Content starts

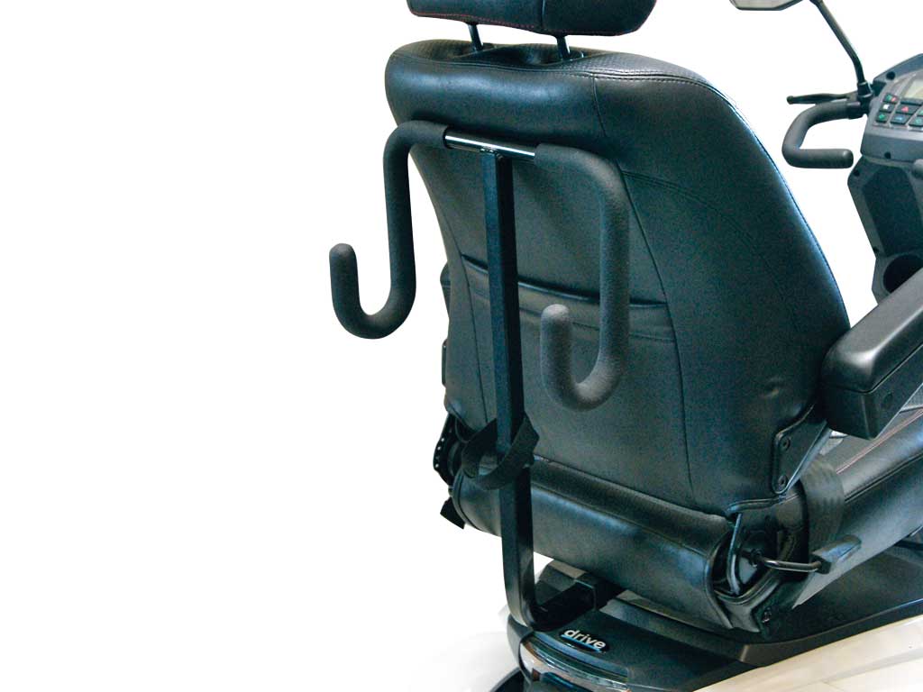 Uw rollator of opvouwbaar looprek meenemen op uw scootmobiel ? Met de rollatorhouder of looprekhouder van Drive kunt u eenvoudig uw rollator of opvouwbaar looprek mee nemen op uw scootmobiel. Deze hangt achter de zitting op uw scootmobiel zodat u hier geen hinder van heeft. Deze is alleen geschikt voor rollators die van voor naar achter inklappen. Het kan soms zijn dat de rollator of looprek half in de houder valt en u deze niet met het klittenband vast kunt maken wat op de houder zit. Dan is het verstandig deze met een extra sjorband aan de houder vast te maken
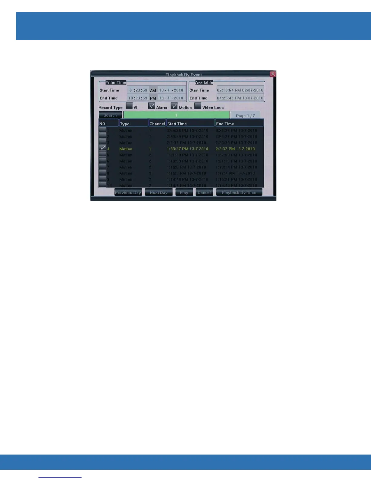 • Press ◄►▲▼ keys to navigate to Playback By Event and press Enter key
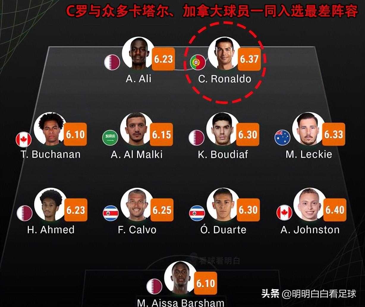在上一场送出乌龙助攻后,C罗被选入了本届世界杯的最差阵容。
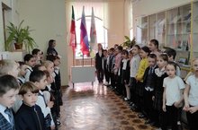 16 мая 2022г в школе была проведена еженедельная церемония поднятия флага и исполнение гимнов РФ и РТ перед уроками.
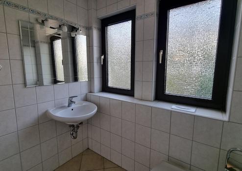 Für Hobby und Freizeit ist das voll unterkellerte Haus ideal. Vom Keller aus gelangt man direkt in den großen Garten, in dem sich eine Gartenhütte im skandinavischen Landhausstil befindet.
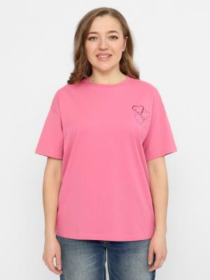 Футболка с короткими рукавами oversize, с удлинённой спинкой. Низ спинки оформлен дугообразно. Горловина круглая, обработана притачной бейкой из рибаны с эластаном. Перед футболки декорирован небольшим принтом.Дополнительно
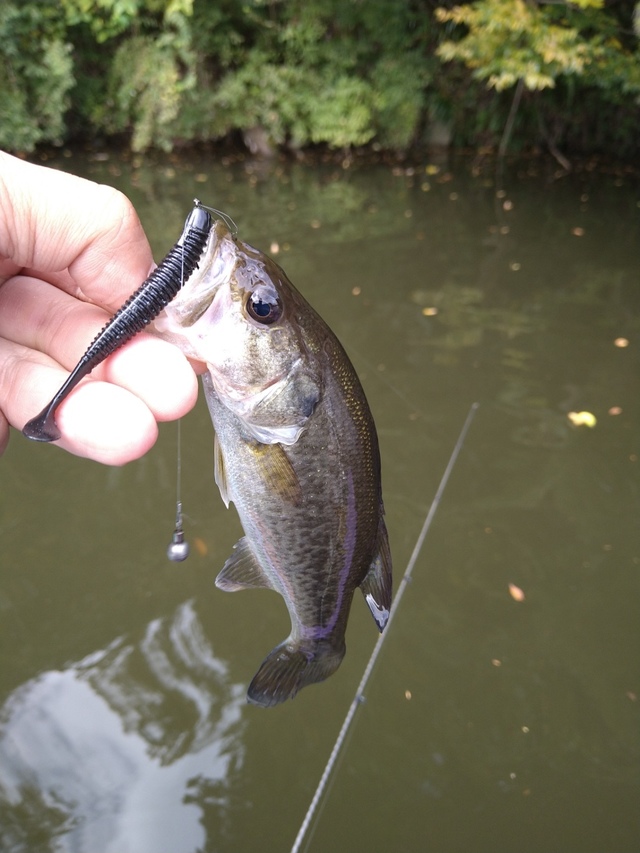 最近の亀山ではターンをしていてかなり厳し状況。とりあえず野村ボートさんより出発し藤林周辺のカバーを打って行きますが、バイトも無く水が良くないので、柳島のブレイクを狙うも反応なし。そのまま『よりとも島』に移動し崩落あ値にOSP:HPシャッドテール2.5(ブラック)2.7gのダウンショットで狙うと15センチ?位のチビバス君が喰ってくれました。その後バイトも無いので笹川に入るも何もなく終了となりました。

Content ends

EXERCISE BRIEF –
Please write out, word for word, only the lines from the one holding "在上一场送出乌龙助攻后,C罗被选入了本届世界杯的最差阵容。" through the end of the records above, with both end lines included and the pictures dropped.

ANSWER AREA –
在上一场送出乌龙助攻后,C罗被选入了本届世界杯的最差阵容。
 16 мая 2022г в школе была проведена еженедельная церемония поднятия флага и исполнение гимнов РФ и РТ перед уроками.
 Für Hobby und Freizeit ist das voll unterkellerte Haus ideal. Vom Keller aus gelangt man direkt in den großen Garten, in dem sich eine Gartenhütte im skandinavischen Landhausstil befindet.
 Футболка с короткими рукавами oversize, с удлинённой спинкой. Низ спинки оформлен дугообразно. Горловина круглая, обработана притачной бейкой из рибаны с эластаном. Перед футболки декорирован небольшим принтом.Дополнительно
 最近の亀山ではターンをしていてかなり厳し状況。とりあえず野村ボートさんより出発し藤林周辺のカバーを打って行きますが、バイトも無く水が良くないので、柳島のブレイクを狙うも反応なし。そのまま『よりとも島』に移動し崩落あ値にOSP:HPシャッドテール2.5(ブラック)2.7gのダウンショットで狙うと15センチ?位のチビバス君が喰ってくれました。その後バイトも無いので笹川に入るも何もなく終了となりました。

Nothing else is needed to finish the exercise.